Ах, какие это были дни! Никогда уже больше этого не было. И не скажешь себе теперь: главное сделано, чего же ты? По рассуждении, по трезвой логике вроде бы можно. А не скажешь. Ненадолго хватает человеку прошлого, не получается жить у себя взаймы. «Пришел — будь добр!..» — говорил их старшина. Видно, и на все случаи жизни так: пришел — будь добр.
Теперь он подолгу возился с детьми. В субботу и воскресенье никуда не выходил из дому. Как-то за два вечера, сидя с Митей на полу, построил на фанерке из спичек целый дворец. Спичек не хватало, Митя бегал к ребятам во двор, приносил по коробке, по полкоробки, влюбленно заглядывал отцу в глаза. Аня вернулась из школы после родительского собрания, в доме нечем зажечь газ. Послала к ним Машеньку одну спичку взять, Митя, бледный, кинулся на сестру с кулаками.
И только с Аней после той ночи Андрей был сдержан, избегал смотреть ей в глаза, а иногда, ей казалось, он как-то враждебно смотрит. Не прощал ей момента своего малодушия. Она знала, нет для него сейчас человека отвратительней, чем он сам.
Но по мужской логике, он на нее смотрел враждебно. И не ссора, а тишина в доме такая, что и дети притихали поневоле.
Иногда он и света не зажигал в комнате. Курит в темноте или ходит из угла в угол, насвистывает арию Каварадосси. Спросишь — отвечает односложно. Только один раз, когда она, его жалея, стала говорить, что все придет в свой срок, он сказал нехотя: «Для истории все в свой срок. Но у нее сроки другие».

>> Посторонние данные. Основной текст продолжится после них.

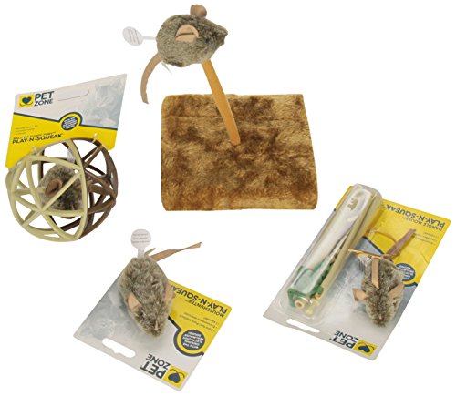 -. Binding : Misc. -. Brand : Pet Zone -. EAN : 0780824129162 -. Feature : Mouse hunter No.1 cat toy - with Real Mouse sound. It's fury, it squeaks and cats love to chase it! / Dangle mouse wand assemble in seconds, cat's love stalking and pouncingball of furry fury - cat's can bat, chase or reach in to paw the mouse inside / SP.R.Ing fling provides mental stimulation and exercise. Loads of fun! -. Label : Our Pets -. Manufacturer : Our Pets -. Model : 1550012916 -. MPN : 1550012916 -. PackageQuantity : 1 -. PartNumber : 1550012916 -. ProductGroup : Pet Products -. ProductTypeName : PET_SUPPLIES -. Publisher : Our Pets -. Studio : Our Pets -. Title : Pet Zone Favorite Play N Squeak Cat Toys, 4-Pack -. UPC : 780824129162
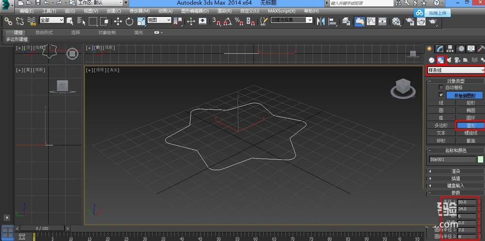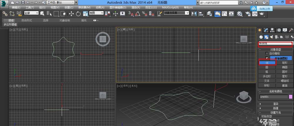 3、选择星形,点击几何体 复合对象,放样 获取路径,点击直线,变成几何体,
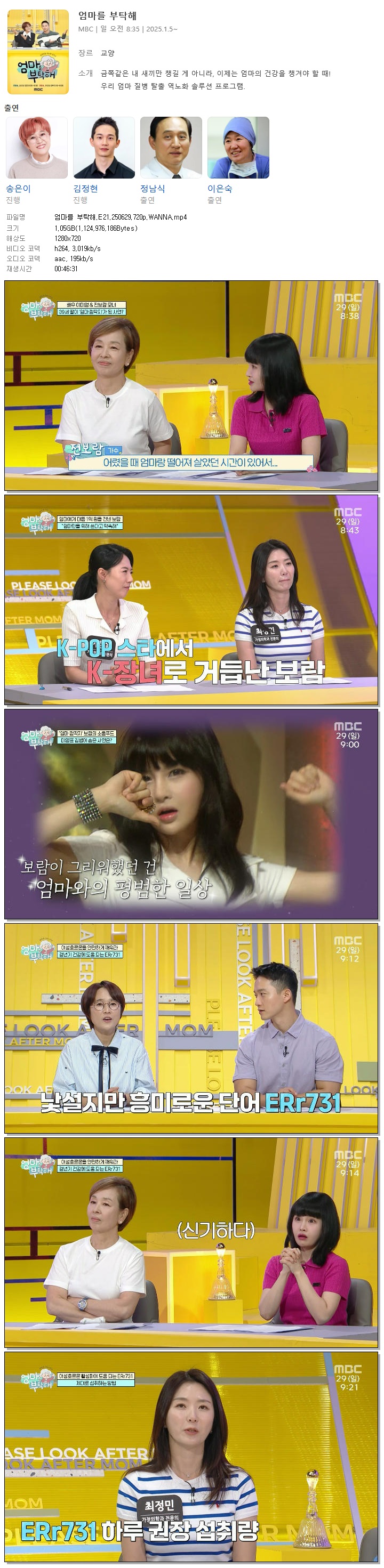 | [MBC] 엄마를 부탁해.E21.250629.720p.WANNA[송은이, 김정현].mp4 | 1 G | 00:46:31 | 1280x720 |
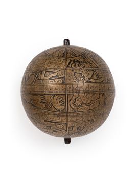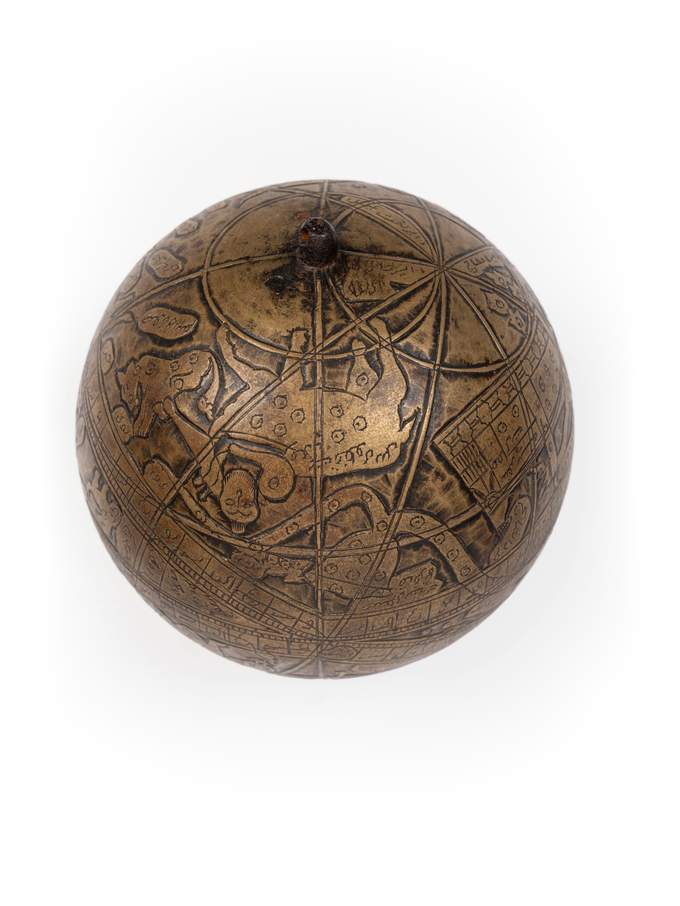 Spherical in shape, the body engraved with constellations and astrological symbols.
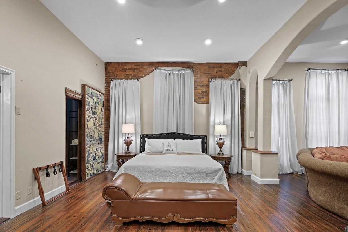 Mag - abang sa malinis na Bulwagang Lungsod kasama ang Statue of Liberty at isang bronze sculpture na nagmamarka sa lungsod kung saan bumisita ang Tapat na Abe bago ianunsyo ang kanyang run para sa Presidency. Ang orihinal na mga brick at hardwood sa natatanging % {bold taong gulang na bahay na ito ay nakatayo sa pagsubok ng oras. Sumakay ng elevator (o hagdan) papunta sa ika -2 palapag. Matatagpuan sa gitna ng makasaysayang downtown Leavenworth, ang Unang Lungsod ng Kansas. Sa loob ng ilang bloke ay may ilang coffee shop, panaderya, boutique, at bar. Matatagpuan lamang 10 milya mula sa award - winning na tourist town ng Weston, na may maraming mga serbeserya, gawaan ng alak, at hiking trail. Hindi mo ito mahahanap kahit saan pa! Orihinal na malalawak na matigas na sahig na inilatag 165 taon na ang nakalilipas at ang mga orihinal na brick wall na nakatayo sa pagsubok ng oras. Tanaw mula sa siyam na bintana na tinatanaw ang aming malinis na city hall na may rebulto ng kalayaan at rebulto ni Abraham Lincoln. (Inanunsyo ni Lincoln ang kanyang pagtakbo sa pagkapangulo doon mismo sa Leavenworth!) At sa tingin ko, malamang na naglakad siya sa kabila ng kalye at pumasok sa aming gusali dahil ito ay isang saloon noong panahong iyon! Papasok ka sa aming loft mula sa kalye sa pamamagitan ng keypad at mayroong isang maliit na silid na papunta sa aming bagong elevator (malaking bakal na pinto) upang dalhin ka sa ika -2 palapag. Nasa pader ang mga direksyon para sa elevator. Napakadali, palaging isara ang puting pinto ng accordian sa elevator kung sakaling tawagin ito ng iyong partido mula sa isa pang palapag. Ang iyong party lang ang mga taong may access sa elevator na ito. Ang pag - check in ay nasa pagitan ng 4 at 7pm. Paki - drop kami ng text kung wala ito sa takdang panahong iyon. 11am ang check out. Muli, paki - drop kami ng text kung kailangan mo ng mas maraming oras! Palaging isang text lang ang layo ng Mac at Stacy at puwede itong puntahan sa loob ng 10 minuto. # 913-651 -7798. I - text sa amin kung mayroon kang anumang tanong! Sumakay sa isang pasadyang elevator sa bukas at maaliwalas na lugar sa itaas ng kandila at boutique ng regalo ng host. Ang patag ay isang mahusay na base upang tuklasin ang KC, Fort Leavenworth, ang upuan ng county, at kakaibang Weston, MO. Ilang hakbang lang ang layo ng mga tindahan, restawran, coffeehouse, at bar. May malaking paradahan sa likod ng gusali sa ika -5 kalye. 65" tv, pero wala kaming cable. May dvd player, at puwede kang makipag - ugnayan sa iyong telepono sa tv para panoorin ang iyong pangunahing video, hulu, atbp. Iyon ang ginagawa namin, at ginagamit namin ang data mula sa aming telepono o computer para ipakita sa screen ng tv!
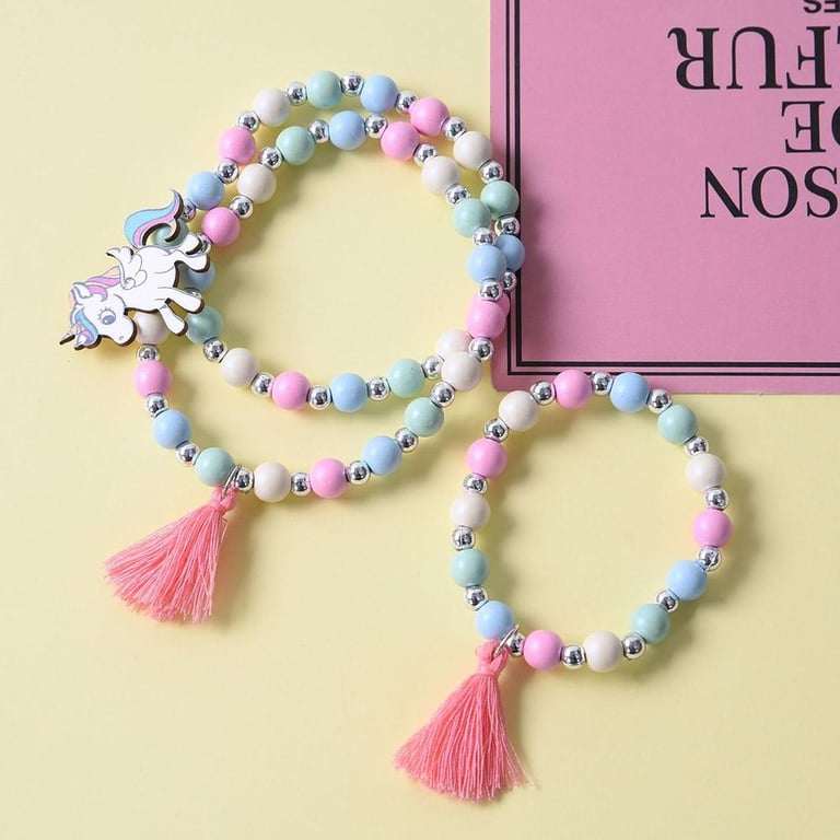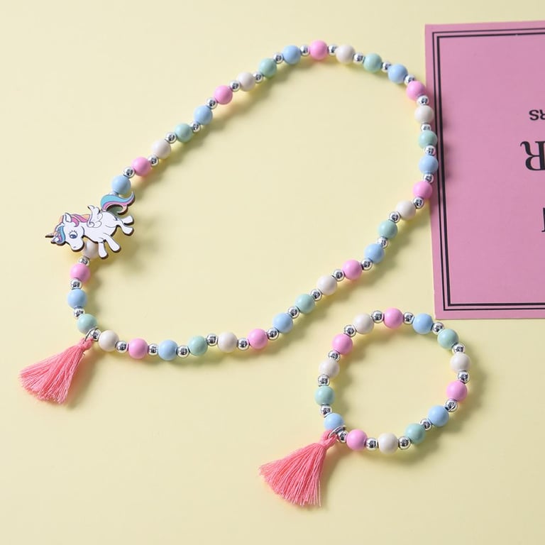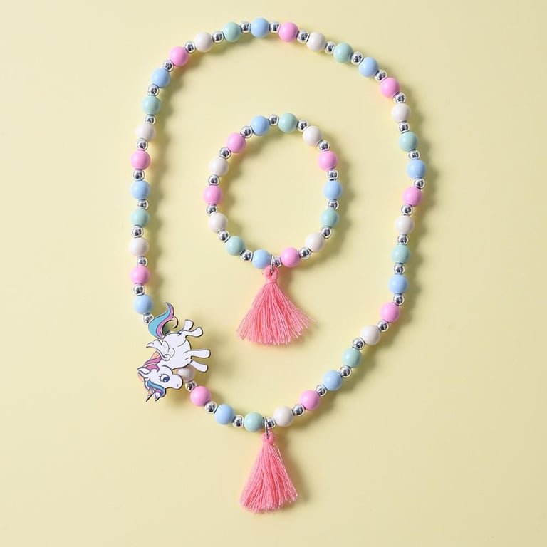 2Pcs Cute Unicorn Wooden Beads Girl's Necklace Bracelet Baby Children's Jewelry Gift
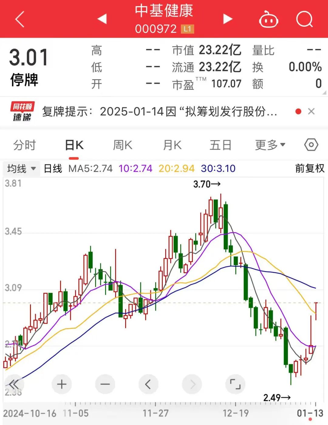 中基健康今日复牌
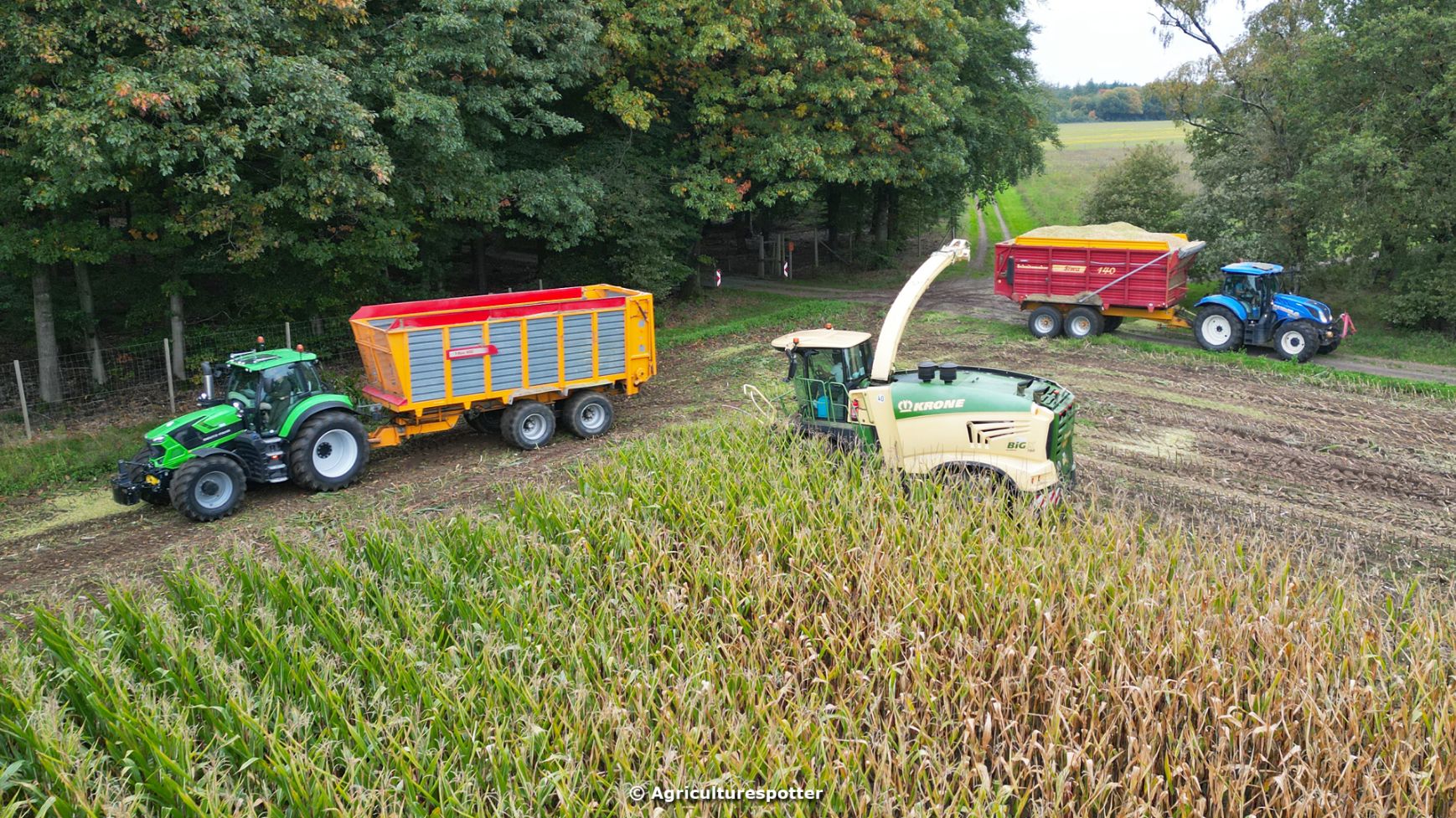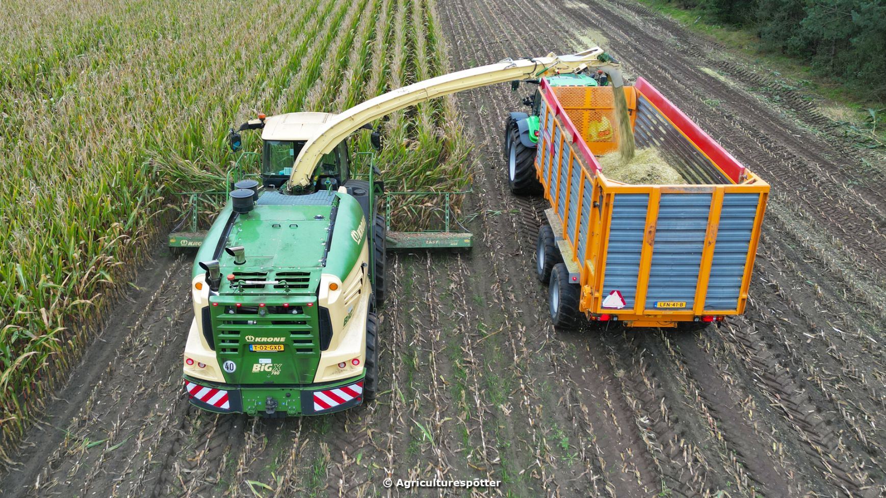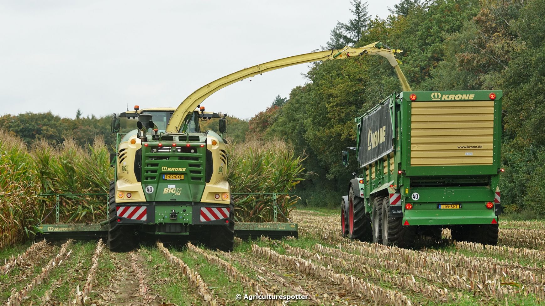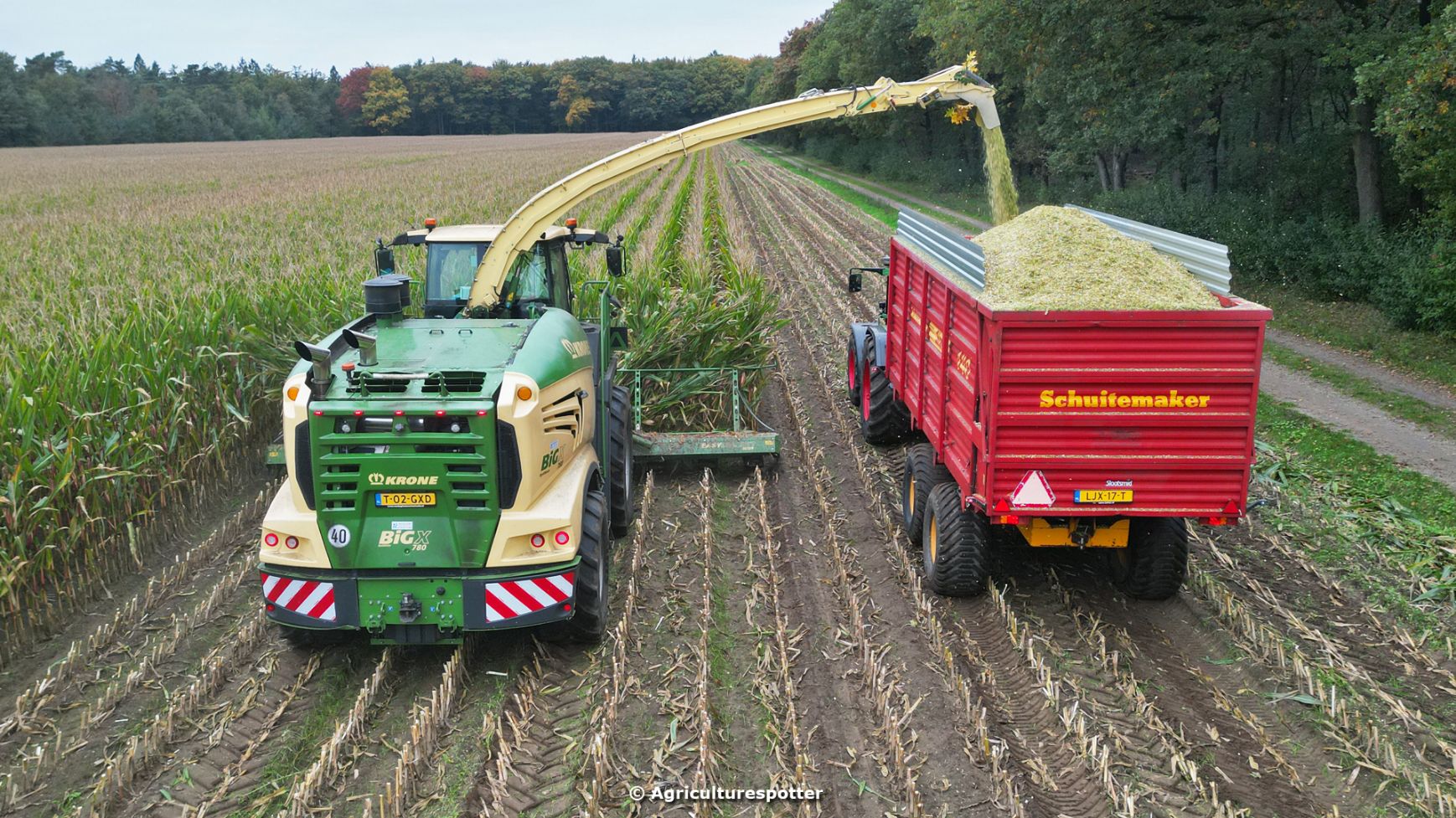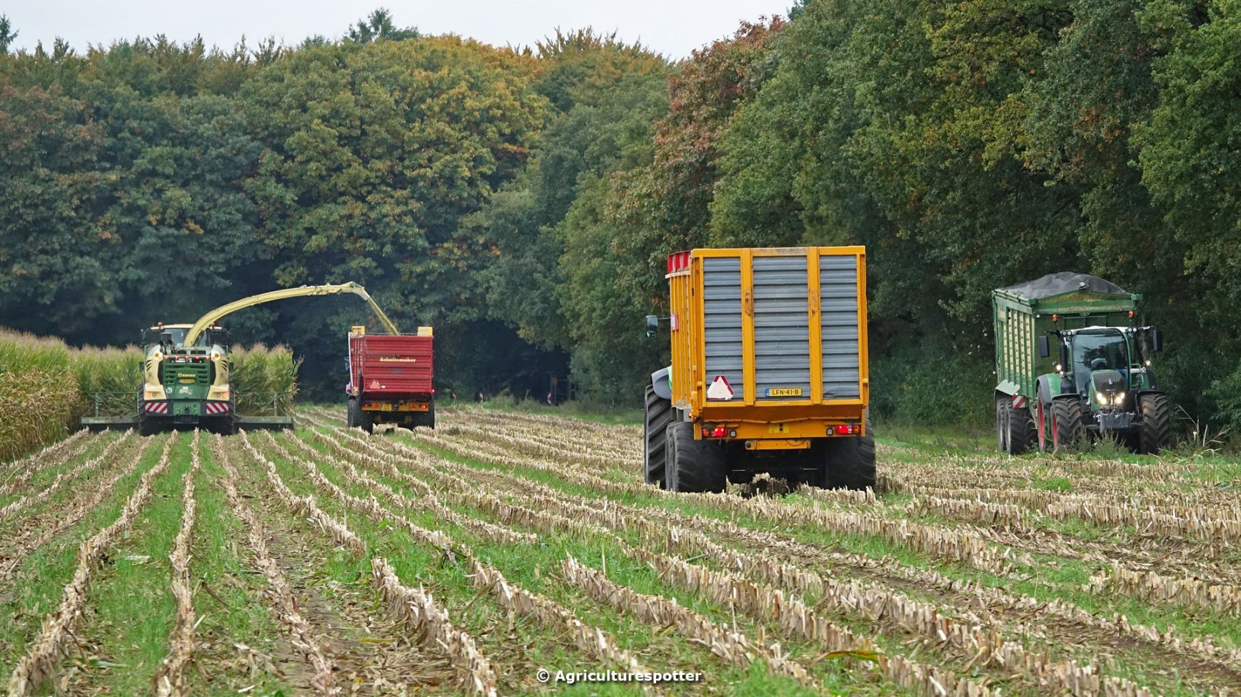 Maïs hakselen in Nieuw-Milligen met een Krone BiG X 780 met een EasyCollect 750-2 10-rijige maïsbek van KWB Agri. Het transport werd gedaan met vele verschillende Fendt- en Deutz-Fahr-tractoren.

Давно еще, когда Машеньки на свете не было, а Митя был совсем крошечный и жили они особенно трудно, пошла она получать деньги за частный урок: тогда она еще давала уроки. Был вечер, темно, Андрей пошел ее провожать и ждал на улице; они вообще любили ходить вместе, и все им хорошо было вдвоем. Получила Аня двести рублей старыми деньгами: за десять уроков собралось. Двести — это все же звучит, не то что двадцать. Но так у них ничего не было, столько им надо было купить, что Аня сказала с легкостью: «Давай купим тебе бутылочку водки и пойдем домой ужинать. Мама картошки наварит».
Они тут же зашли в магазин, купили еще селедки, грибов, тогда совершенно просто можно было зайти и купить, например, маринованные грибы. И так все хорошо было в тот вечер, особенно; он не раз потом вспоминал ей.
И вот Аня приготовила к воскресенью опять все как тогда. Знала, что дважды в жизни одно и то же не бывает, а все-таки старалась, ездила за баночной селедкой через весь город: кто-то из учителей сказал, что видел там. Дети, спавшие по-воскресному поздно, обмирали от восторга, а Андрей даже не видел, что ел, и она сидела красная от обиды.
После завтрака он неожиданно предложил съездить в деревню договориться с хозяйкой на лето: дело к тому подвигалось, скоро детей вывозить. Аня ехать не могла, у нее только что два класса писали сочинение, и горы непроверенных тетрадей лежали на окне. Да он, кажется, и хотел ехать один.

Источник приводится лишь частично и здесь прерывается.